Follow-up Work

No doubt many of the happy plans of the previous sections will remain `to do' even after the thesis is complete. The runtime/backend system contains many opportunities for improvement and extension. Alternatively, techniques developed with nitrous could be grafted onto an existing system. This section lays out directions for future work.

Backend

First, the system currently only produces intermediate code. I have a jury-rigged root-->scheme compiler working in the scheme48 system, which compiles scheme to interpreted bytecode. To get any kind of real performance measurements, a custom root-->machine-code backend is required. This involves primarily register allocation, instruction scheduling, jump optimization, and dead code elimination.

After a simple backend is working, more powerful global optimizations can be incorporated, using feedback from execution. Take ideas from Self [self] and code coagulation[ref]. Side effects can be isolated by using three levels of purity: pure (inline freely), infrequently changed (propagate, but keep backpointers for when the value is mutated), and volatile (do not inline/propagate). This ties into the code developement system, and how a programmer changes the definition of a value/procedure on the fly.

Current CPU architectures have fixed maximum instruction level parallelism because they are implemented with fixed CMOS gates; PE sometimes produces extremely wide code, wider than any imaginable general purpose CPU. Field Programmable Gate Arrays (FPGAs) are another new chip technology, they allow their gates to be reconfigured `at run time', and thus provide an interesting target for a future backend [IseSa93].

Cogen

Cogen itself has many deficiencies, even after this thesis is complete. The following are possible courses of action:

handle general records rather than just pairs. OOP?
handle side effects in compilers [Heintze94].
extend the analysis to track eq-ness of values and their purity.
convert fixed-length lists into records (unboxing according to static structure (see spines)).
switch to conditional, procedure-call, exceptions, and loop based control flow rather than CPS-CPS.
return if possible to a self-applicable specializer (from a directly implemented compiler generator). This is much more elegant and contains less duplicated functionality, though it's not clear if it can be done without losing important features.
extend it from two-stage to multi-stage.

Experiments

The proposed instruction count measurements could be improved by profiling the abstract code with progressively more accurate models of memory hierarchy and CPU resources. One way to implement such a model is with a root language self-interpreter that records execution statistics. For example, by modeling the instruction cache one could answer the question: does creating lots of specialized code blow the instruction cache, or is that offset by eliminating conditionals?

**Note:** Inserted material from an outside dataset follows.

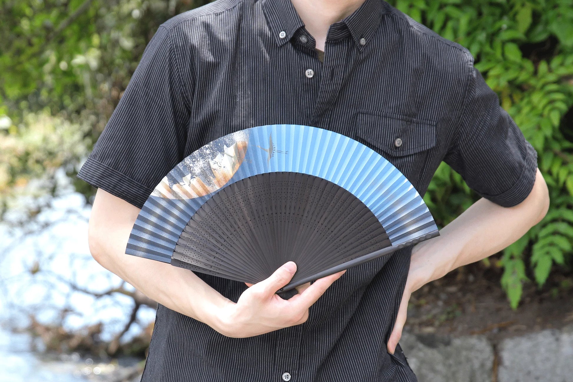 This listing is for a Kyo-sensu (Japanese folding fan) for Men - Moon and Crane -.
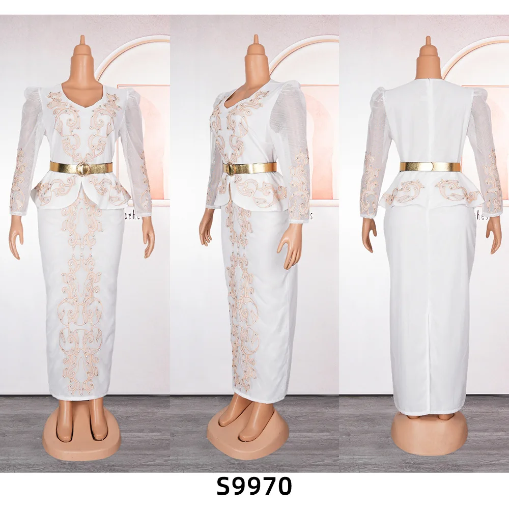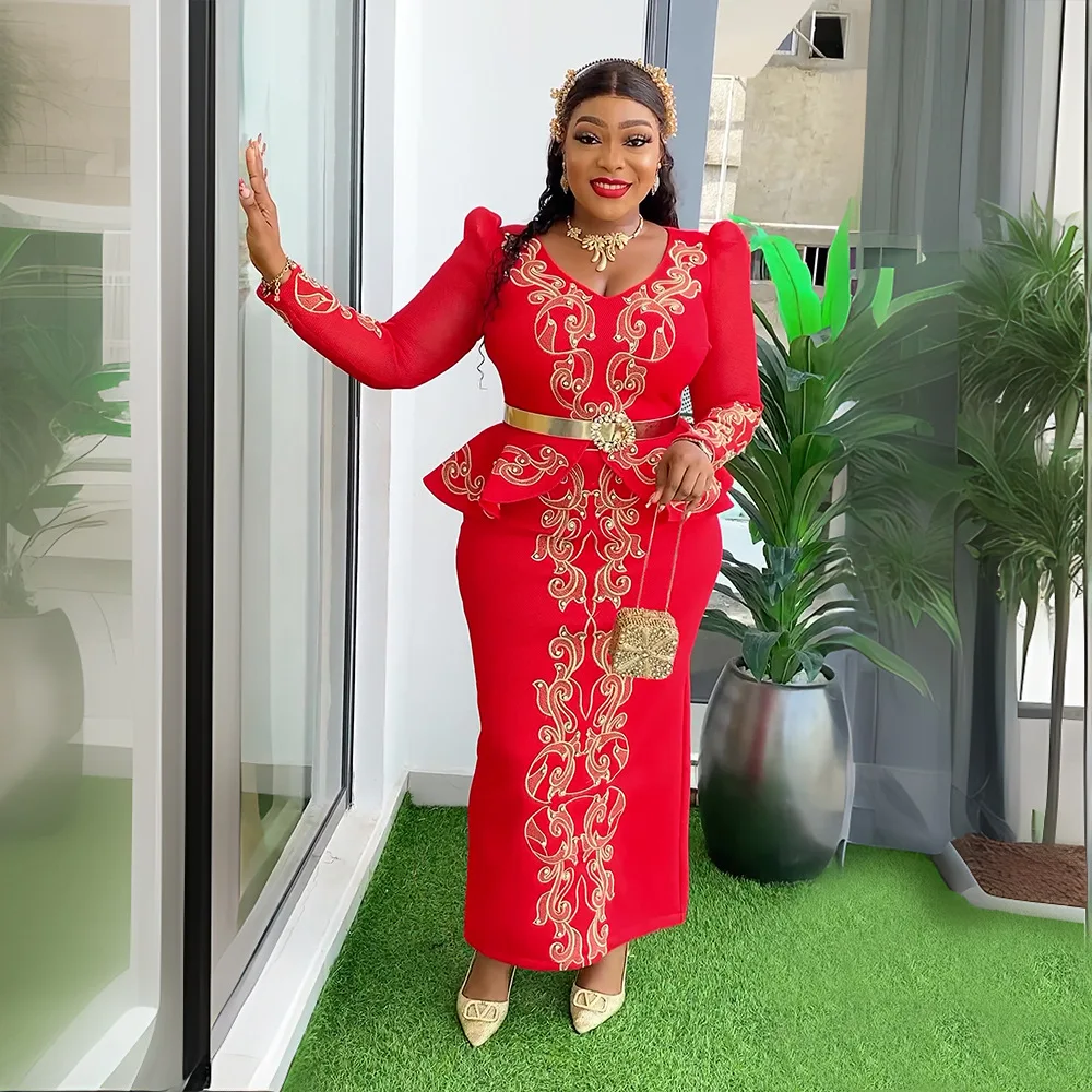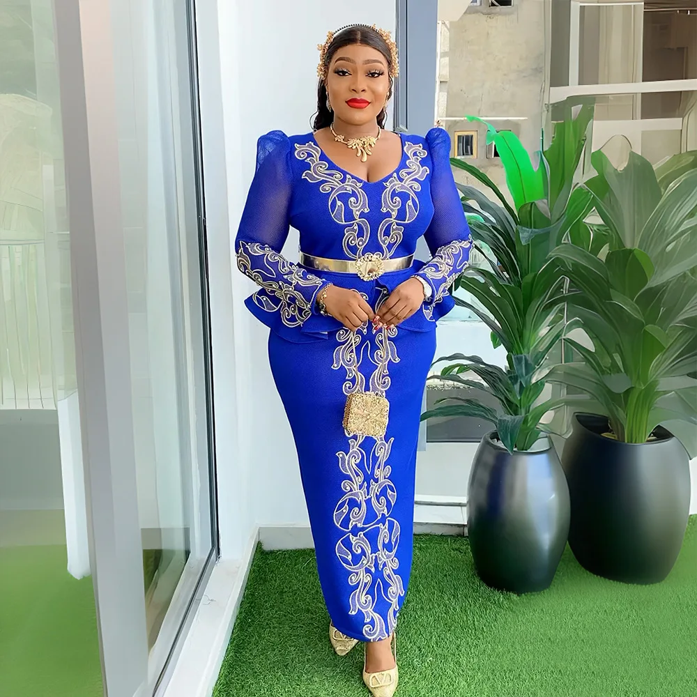 JY-1007 Luxury Plus Size Women Evening Dresses Long Sleeve Beaded Rhinestone V-neck African Church Dresses for Women

Complex, statistics-collection memory-model simulators are well served by RTCG. It may be possible to generate the simulators by writing root self-interpreters that collect statistics, then using them to compile the programs you want to benchmark. Similar techniques may provide safe languages for kernel environments. Hardware resource sharing of the clock (non-preemptive threads) and memory (GCed heaps) also make interesting targets for code transformation.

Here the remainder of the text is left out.